The statement itself is in our view equivocal; whether it refers to the 1977 episode or something occurring in the intervening ten years is pure guesswork. But for that one bit of evidence, the City, under the described circumstances, would have to prevail. And that short utterance attributed to Schulz by Chavez is not enough to change the result. We are convinced that a mistake was made. United States Gypsum Co., supra. In sum, the evidence in our view is insufficient to support the district court's finding that the City did not promote Chavez in 1987 because he filed a complaint with the EEOC in 1977.

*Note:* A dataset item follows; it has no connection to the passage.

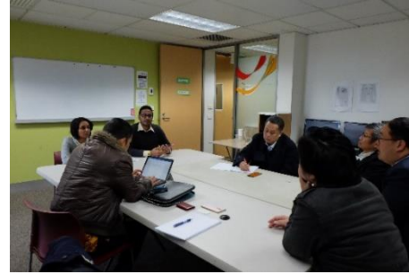
การสัมภาษณ์หน่วยงานต่าง ๆ ณ ซิดนีย์ และกรุงแคนเบอร์รา เครือรัฐออสเตรเลีย ระหว่างวันที่ 16 – 23 มิถุนายน 2561
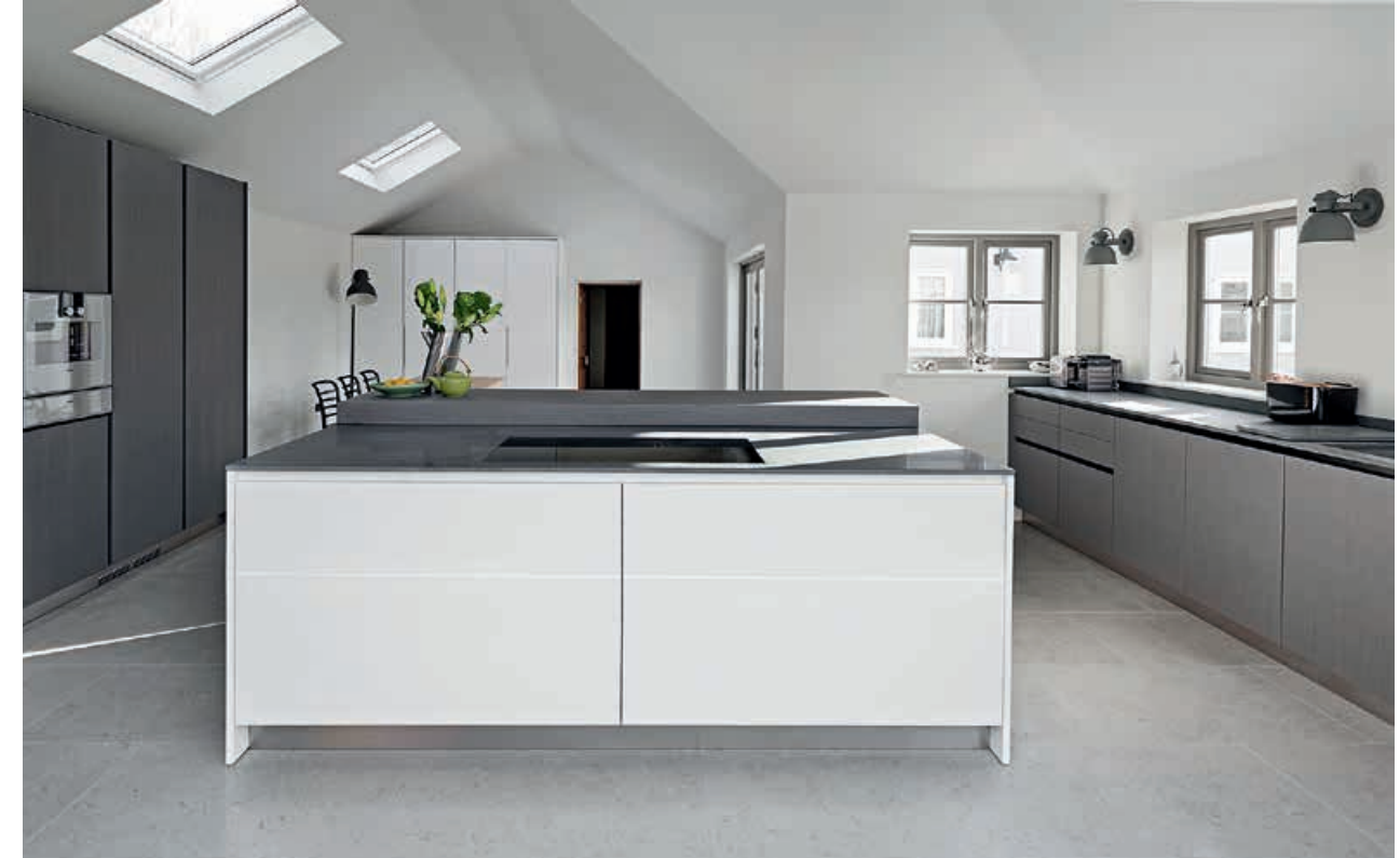
XILA / Cucina Kitchen DD1-F / Cappa Hood PROGRAMMA STANDARD / Colonne con maniglia Duemilaotto Tall units with Duemilaotto handle pag. 84 85, 86, 87

Judgment reversed and cause remanded with direction that the district court enter judgment in favor of the City.
Honorable Sven Erik Holmes, District Judge for the Northern District of Oklahoma, sitting by designation
The City filed a notice of appeal from the judgment entered on or about December 12, 1991. That appeal, No. 94-1520, was later dismissed because of a jurisdictional defect. An amended judgment was entered by the district court on December 22, 1994, and an amended notice of appeal was filed on January 23, 1995
The district court in its findings did recognize the possibility of a personality conflict between Chavez and Schulz, observing that Chavez was aggressive and that Schulz was older and "set in his ways."